Previous analysis of multiple Caenorhabditis lines shows extensive variation in nuclear single-nucleotide polymorphism (SNP) density , with the Hawaiian strain CB4856 having the highest SNP density and most unique SNPs . Additional polymorphisms in CB4856 were found by Swan et al. , and analysis of the distribution of these polymorphisms by Cutter et al.  revealed that the polymorphisms occurred more frequently in the arms than in the core in chromosomes one to five, but are randomly distributed in chromosome X.
The patterns of natural variation found in a genome are the result of mutational events that are influenced by both drift and selection. Under neutral theory, a majority of mutations that arise spontaneously are neutral, and their fate (loss or fixation) is primarily determined by drift. In rare cases, a spontaneous mutation will confer a selective advantage (positive selection) or disadvantage (purifying selection). If by chance this mutation is not lost by drift, in consequent generations the mutation will spread throughout the population, and variation at linked sites will either accumulate or be purged. The combination of neutral mutations fixed through drift and the mutations that are accumulated or purged determine the genomic landscape of the organism . By surveying the patterns of natural variation between the closely related Caenorhabditis strains CB4856 and CB4858, it is possible to investigate the evolutionary processes of drift and selection occurring in this lineage.

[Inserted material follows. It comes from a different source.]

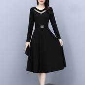 ワンピース ラージサイズ 新作 春秋冬 厚手 Vネック メッシュレース Vライン ベルト メタルバックル 長袖 ミディスカート 無地 Aラインスカート エレガント ファスナー韓国 フレアスカート 細見え 足長見え スタイルUP カジュアル 20代 30代 OL 学生 通勤 通学 おしゃれ スッキリ見え スマート見え キレイ見え 足長見え 足長効果 細見え 体型カバー 華奢見え ヤセ見え サマ見え こなれ感 L XL 2XL 3XL 4XL 5XL ブラック | Bonny Me

Although previous studies provide insights into C. elegans SNP patterns and densities in the natural isolates, a large-scale genomic analysis of the C. elegans polymorphic spectrum has not been accomplished until now. Other studies of C. elegans have not focused on examining the patterns of variation that we present here, but have instead focused on other important patterns. For example, Weber et al.  reported the genome sequence of the LSJ1 (Bristol) strain and compared it to the reference wild type N2 (Bristol). LSJ1 is a sibling of the reference wild type N2. The authors indicated that comparing the genomes of N2 and LSJ1 highlight genetic changes associated with lab domestication and errors in the C. elegans reference genome. They confirmed that LSJ1 and N2 are derived from the same Bristol isolate. In addition, they identified 3246 predicted differences between the LSJ1 and N2 genome sequences. Finally, by sequencing two recently isolated wild C. elegans strains, CB4856 (Hawaii) and ED3054 (Kenya), they inferred the ancestral state of the original Bristol isolate. All of this makes CB4856 an extremely valuable resource not only for C. elegans gene mapping  but also for the study of the distribution and spectrum of Caenorhabditis SNPs.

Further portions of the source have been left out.